Читайте также:
|
|
«Пещера великанов».
1932 г. 14 января.
Дорогая Каролина!
Странный случай приключился со мной недавно. Говоря по правде, в этом скорее повинна лихорадка.
Всю неделю моросил дождь, шел снег и свирепствовала метель. Совершенно размыло тропинки. Мы уже не могли пользоваться ни кошками, ни лыжами, ни альпенштоками.
У нас кончился хлеб, не было соли и даже воды, потому что тропинки, которые вели к железным источникам, сделались непроходимыми. Саур и Арзакан, не выдержав, вернулись в башню Махвша. Под конец изменили нам и Тенгиз, и Осман.
Но Темур, наш предводитель, не сдавался. Надо видеть, как прыгает по кручам этот старик! Я прозвал его туром.
Увязавшись за ним, я тоже карабкаюсь по обрывам.
И сколько раз Темур спасал меня от смерти!
Однажды у меня выскользнул альпеншток, я споткнулся и повис, уцепившись кое-как за обледенелую скалу.
— Не гляди вниз! — крикнул мне Темур и, прыгнув, точно рысь, схватил меня за руку.
В подобных случаях не следует смотреть в бездну. Если глянешь невзначай, — тогда пропал.
Но ведь вы знаете, как падок я на острые ощущения. И вы поймете, каких огромных усилий стоит мне удержаться от соблазна. Взгляд мой нет-нет да скользнет к бездне.
По утрам, кончив молиться богине охоты Дали, Темур тотчас же начинает читать мне наставления. Первое из них: «Избегай глядеть в пропасть». (Выло бы хорошо, если бы Темур о детства был приставлен ко мне дядькой. Тогда из меня вышел бы скромный и благоразумный гражданин.)
Много раз возвращался я в пещеру промокшим до костей. У нас вышли и дрова. Ночевка в холоде, без огня, еще больше подорвала мои силы. Возобновились приступы лихорадки. До самой альпийской зоны дошла эта гиена, преследуя меня еще от колхидских болот.
Однажды Темур чуть свет вышел на охоту за глухарями. В последние дни у меня держалась температура, поэтому он не взял меня с собой.
Подремав немного, я очнулся. Не мог понять: утро ли, полдень или полночь? Ломота во всем теле, боль в коленях.
Гляжу на давно потухший очаг. Ни одной искорки не видно в нем.

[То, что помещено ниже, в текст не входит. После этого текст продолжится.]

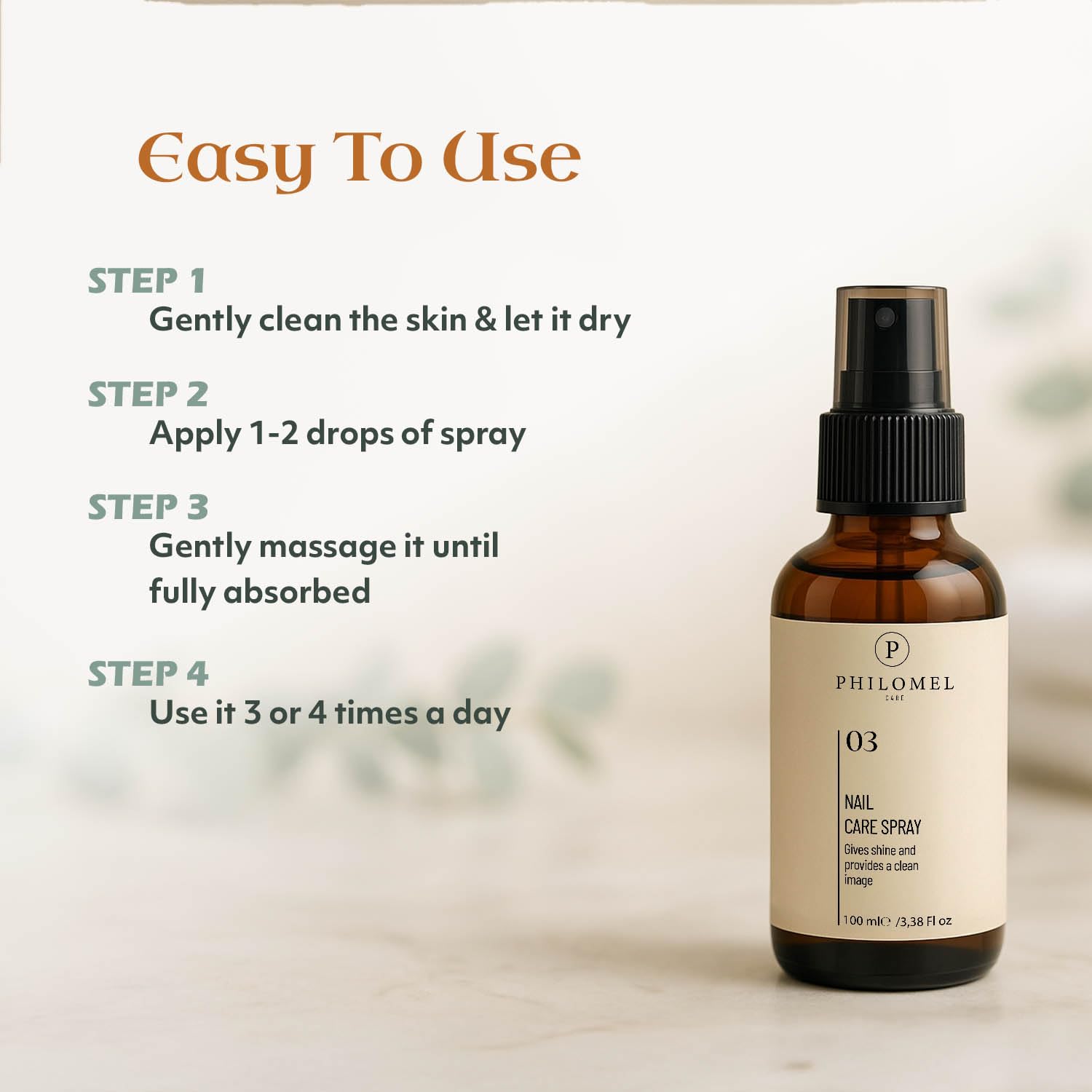 - Nail Repair for Damaged Nails: Philomelcare nail care spray is ideal for weak nails or nail damage, providing a solution that restores strength and appearance. It deeply nourishes the nail beds, promoting faster healing, so you’ll notice healthier, stronger nails with time. Additionally, its intense repair effect fills in cracks and smooths the surface, providing protection from external factors.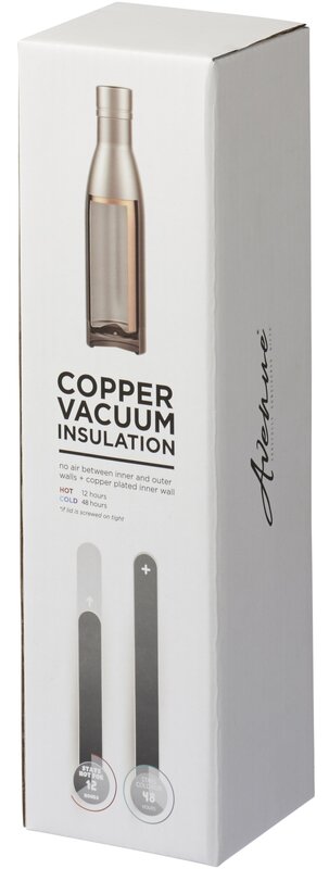 Minimalistická termolahev Vasa s dvojitou stěnou. Vyrobená z nerezové oceli 18/8 s vakuovou izolací a měděnou vnitřní stěnou. Udržujte své nápoje horké po dobu 12 hodin / studené po dobu 48 hodin. Objem 500 ml. Dodáváno v balení (krabička) Avenue.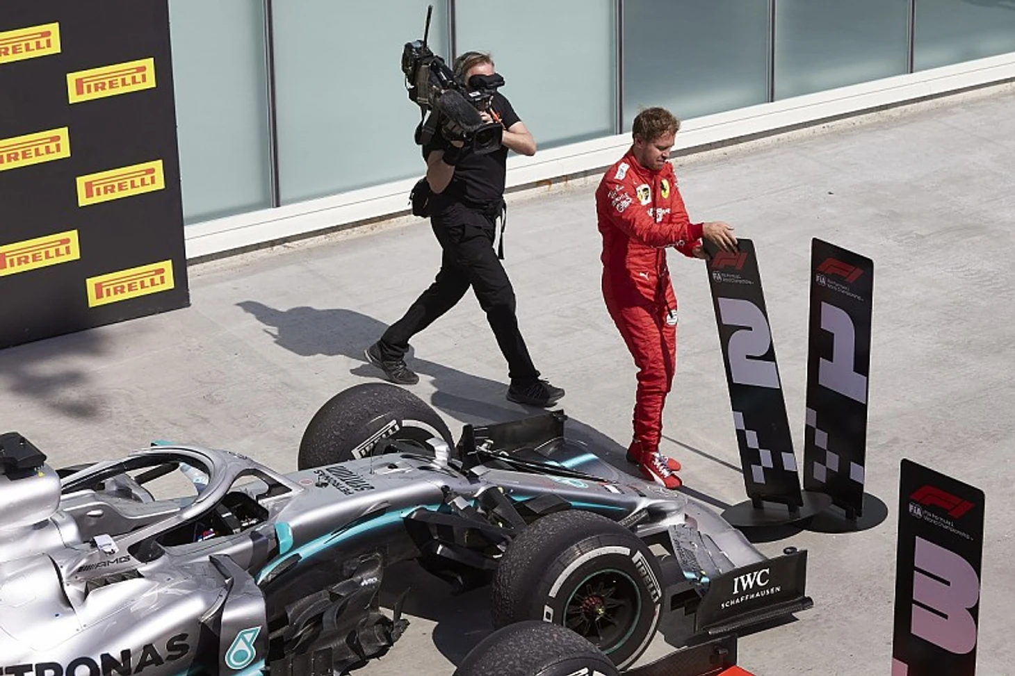 Феттель не выдержал давления со стороны Хэмилтона, срезав поворот и вернувшись опасно на трассу. С учётом штрафа он переместился на вторую позицию.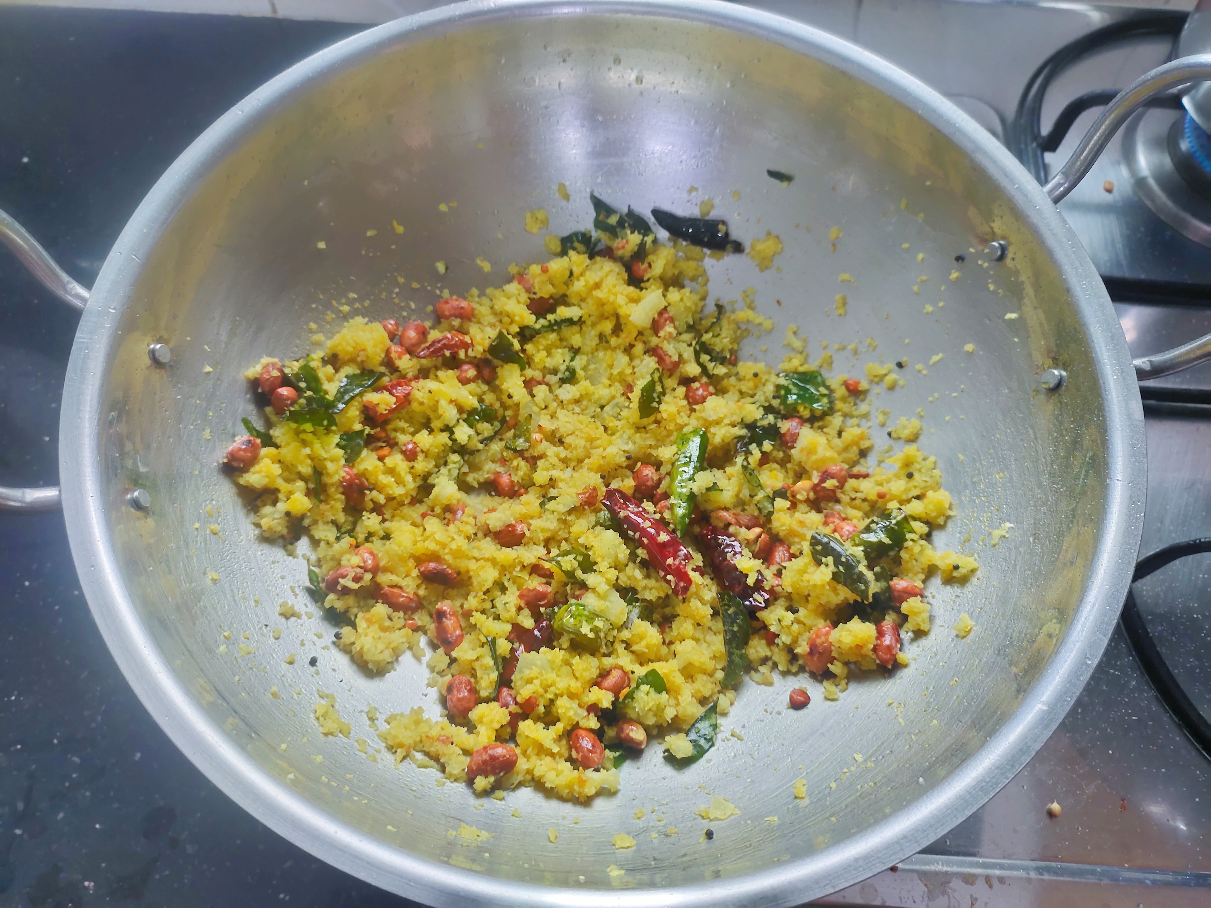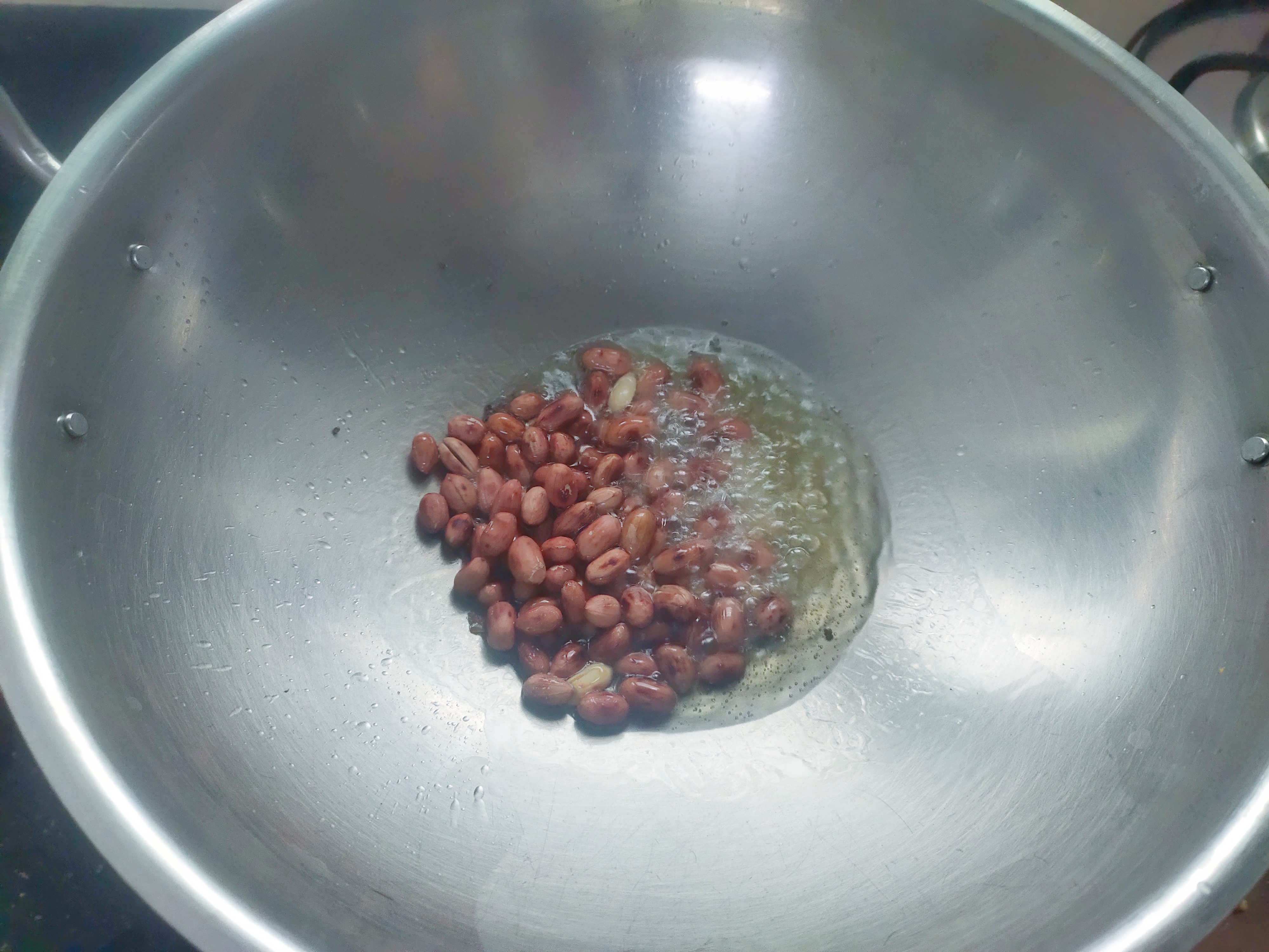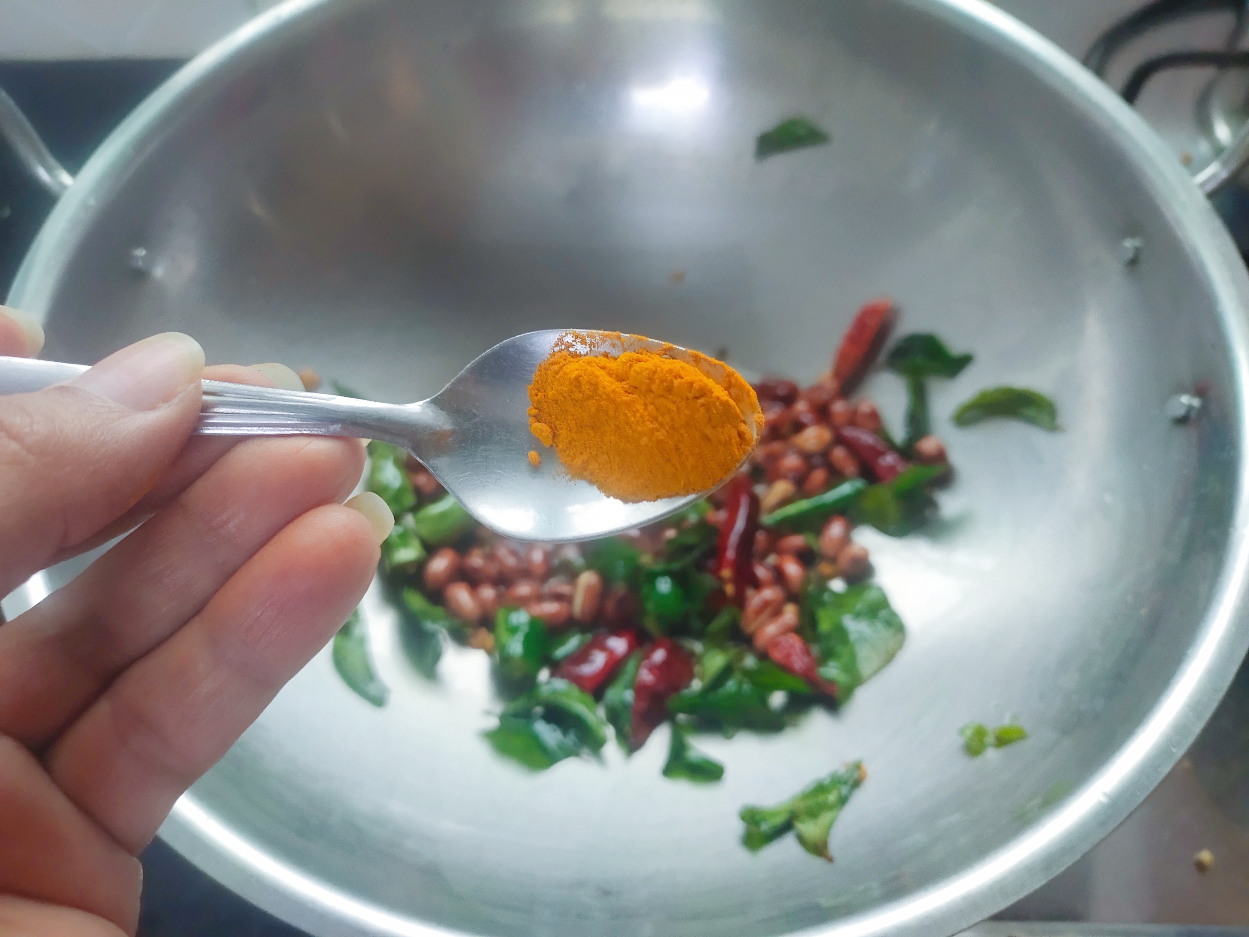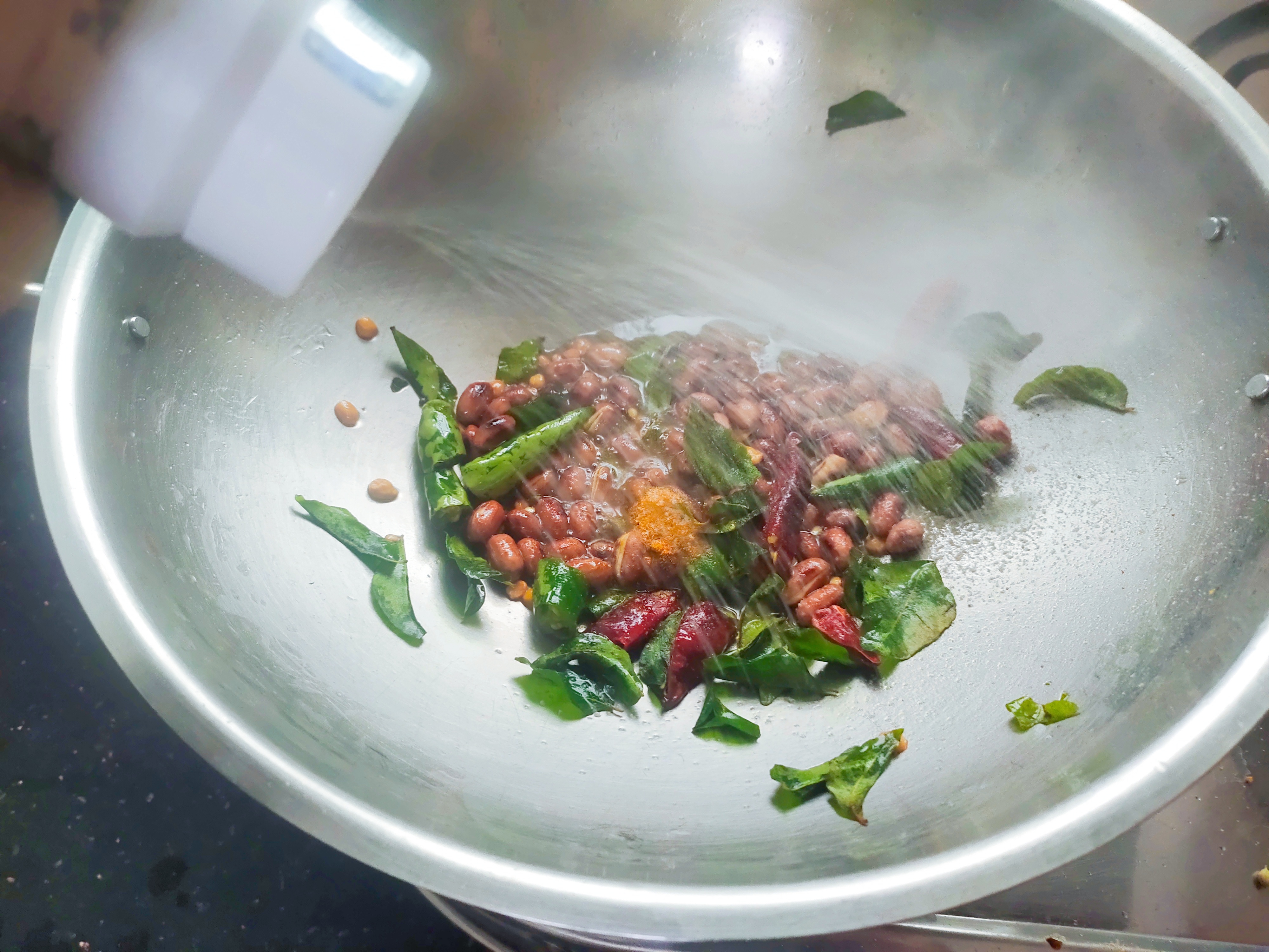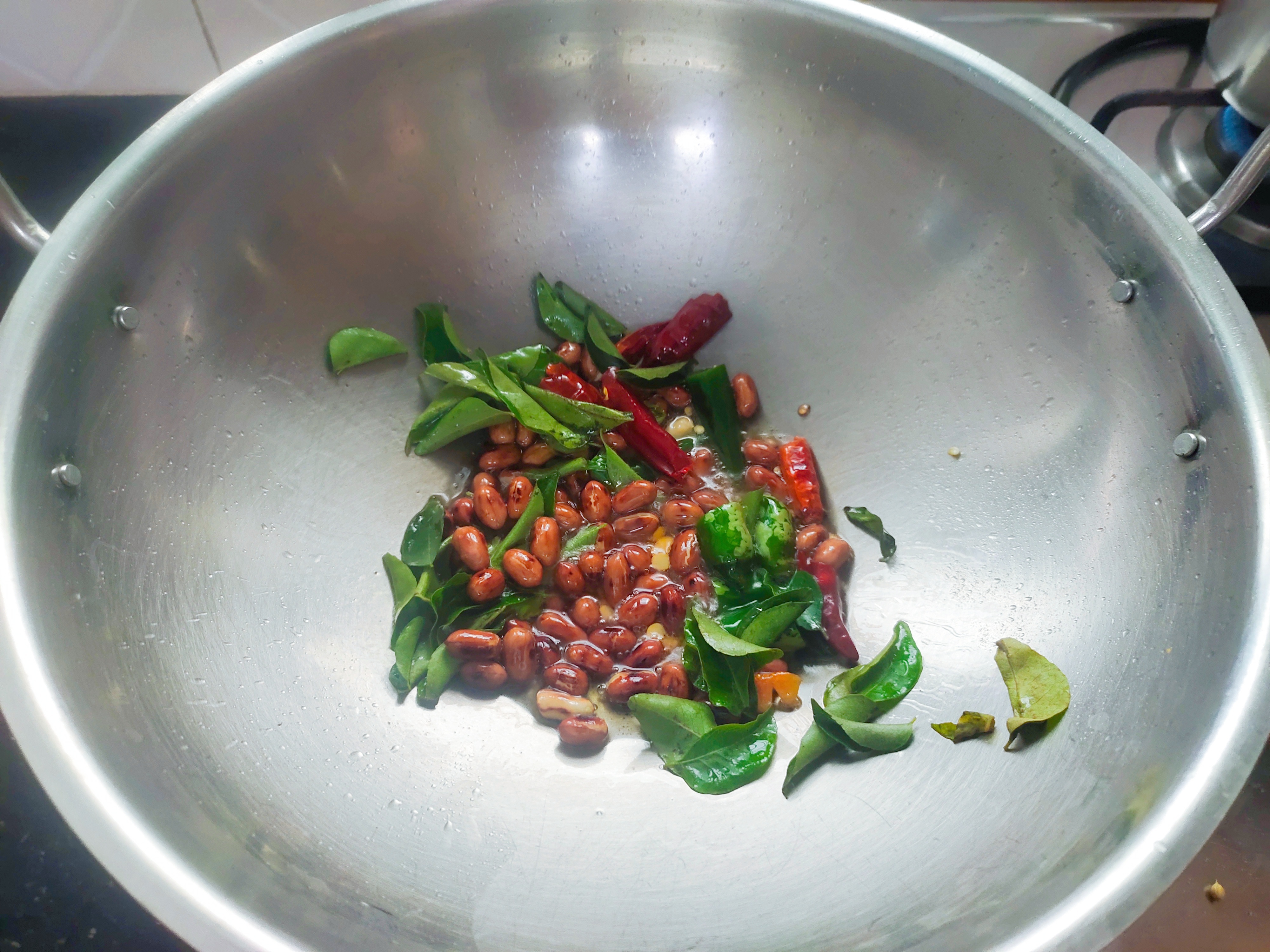 Heat oil in a pan. Temper mustard seeds allow it to crackle. Add urad dal, channa dal and peanuts.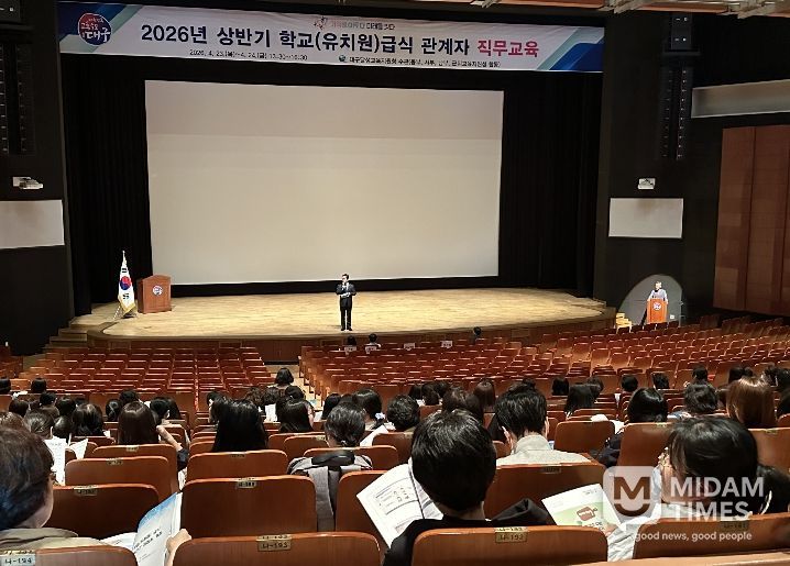 미담타임스 전해찬 기자 | 대구달성교육지원청은 4월 23일부터 24일까지 이틀간 대구학생문화센터 대공연장에서 대구지역 전체 영양(교)사·조리사·학교급식소위원(학부모) 등 1,902명을 대상으로 ‘학교급식 관계자 직무연수’를 개최한다.

Лежу, закутавшись в шубу из турьих шкур.
Почему-то шуба кажется мне легче пуха. Мне холодно, я стучу зубами. Вон там валяется бурка Темура.
Мечтаю: хоть бы пришел кто-нибудь и набросил на меня еще и эту бурку. Хочу приподняться, но не слушаются конечности. Такое ощущение, будто меня четвертовали и переломили мне позвоночник.
Кутаюсь в шубу, а она кажется мне легче пуха — шуба, сшитая из шкур семи туров! Ах, хоть бы пришел кто-нибудь и укрыл меня буркой Темура! Не только буркой, пусть положит на меня вон ту каменную плиту, чтобы я мог ощутить тяжесть!..
Гляжу на свет, проникающий через бойницы. Чуть-чуть приподняв голову, вглядываюсь в пасмурный день и в ледники, поблескивающие точно олово.
Свет и холод врываются через бойницы. Пепельно-серые тучи несутся к северу, беременные дождем тучи. Они то катятся, настигая друг друга, подобно мутным волнам Ингура, то, завихренные, крутятся столбом, словно пыльный смерч в пустыне.
Это потрясающее зрелище.
Отворачиваюсь от холодного очага. В углу лежат две потухшие лучины и несколько обуглившихся поленьев, припрятанных Темуром про черный день.
Он, бывало, говорил нам:
— Вы, люди долины, жадны. Сохраним это на случай, если кто-нибудь из нас заболеет.
Теперь я беспрекословно выполняю все указания Темура, не нарушаю табу, не стреляю в вожака, пока не покажется все стадо, и не курю, ибо знаю: тур осторожен, а ветер — злостный сплетник. На охоте я стараюсь не дышать и так осторожно двигаюсь, что не слышно ни малейшего шороха.
В одном лишь я грешу: по утрам, вставая, не творю молитву и не обращаюсь к богине охоты Дали со словами: «О божество, сотворившее дичь!..»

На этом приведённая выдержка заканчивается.